Type 2 diabetes represents one of the most significant global health threats of the 21st century owing to its constantly increasing prevalence and long-term debilitating complications (1). In addition to accelerated macrovascular disease in poorly controlled diabetes that is responsible for increased cardiovascular morbidity and mortality, microvascular complications, such as diabetic nephropathy, neuropathy, and retinopathy, cause a significant burden and may markedly impair not only life expectancy but also quality of life of patients with diabetes (2). Diabetic retinopathy is the most common cause of blindness in developed countries and one of the most feared diabetes complications (3).

Significant progress has been made in our understanding of the etiopathogenesis of type 2 diabetes with numerous novel contributing mechanisms identified in the past couple of years (4). Both experimental and clinical studies have demonstrated that gut represents a vital organ with respect to regulation of glucose metabolism and modulation of the risk of type 2 diabetes development (5). Multiple facets of the gut–glucose metabolism interconnection have been uncovered in particular by studying the changes induced by weight loss associated with bariatric surgery or endoscopic methods mimicking bariatric surgery. The possible mechanisms of gut-driven improvements in glucose metabolism after surgical or endoscopic interventions include restriction of food amount, enhanced passage of chymus into distal parts of small intestine with subsequent modification of gastrointestinal hormones and bile acid secretion, neural mechanisms, changes in gut microbiota, and many others (6). Studies have shown that type 2 diabetes is accompanied by impaired microbiota composition and its decreased diversity, with subsequent modulations of energy yield from intestinal content, metabolization of bile acids, intestinal permeability, and other characteristics of the gut (7).

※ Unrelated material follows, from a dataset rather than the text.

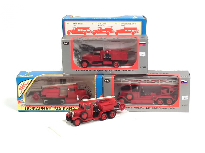 OMO (URSS) Ensemble de 4 camions de pompiers
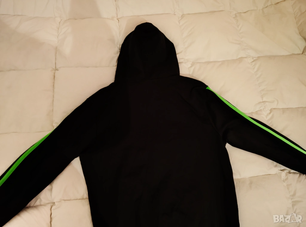 Суичър с цип BOXSING MILANO, размерът по етикетит е XXL но по-скоро отговаря на XL, широчина под мишниците 61 см, дължина 68 см, отлично състояние, произведен в Италия, цена като нов над 50 евро.

Energy restriction is an important therapeutic approach leading to improvement of glucose control in patients with type 2 diabetes. Nevertheless, the compliance of patients to long-term hypocaloric diet is limited, and other approaches more acceptable from the patient perspective are needed. Intermittent fasting represents an alternative and more physiological way to prevent deleterious effects of chronic excess of food intake. This approach enables the combination of energy-restricted and unrestricted days, which is better accepted by the majority of patients. In both experimental and clinical studies, intermittent fasting has been shown to improve insulin sensitivity and glucose control along with modest decreases in body weight (8). The long-term effects of intermittent fasting on glucose control and diabetes complications are largely unknown.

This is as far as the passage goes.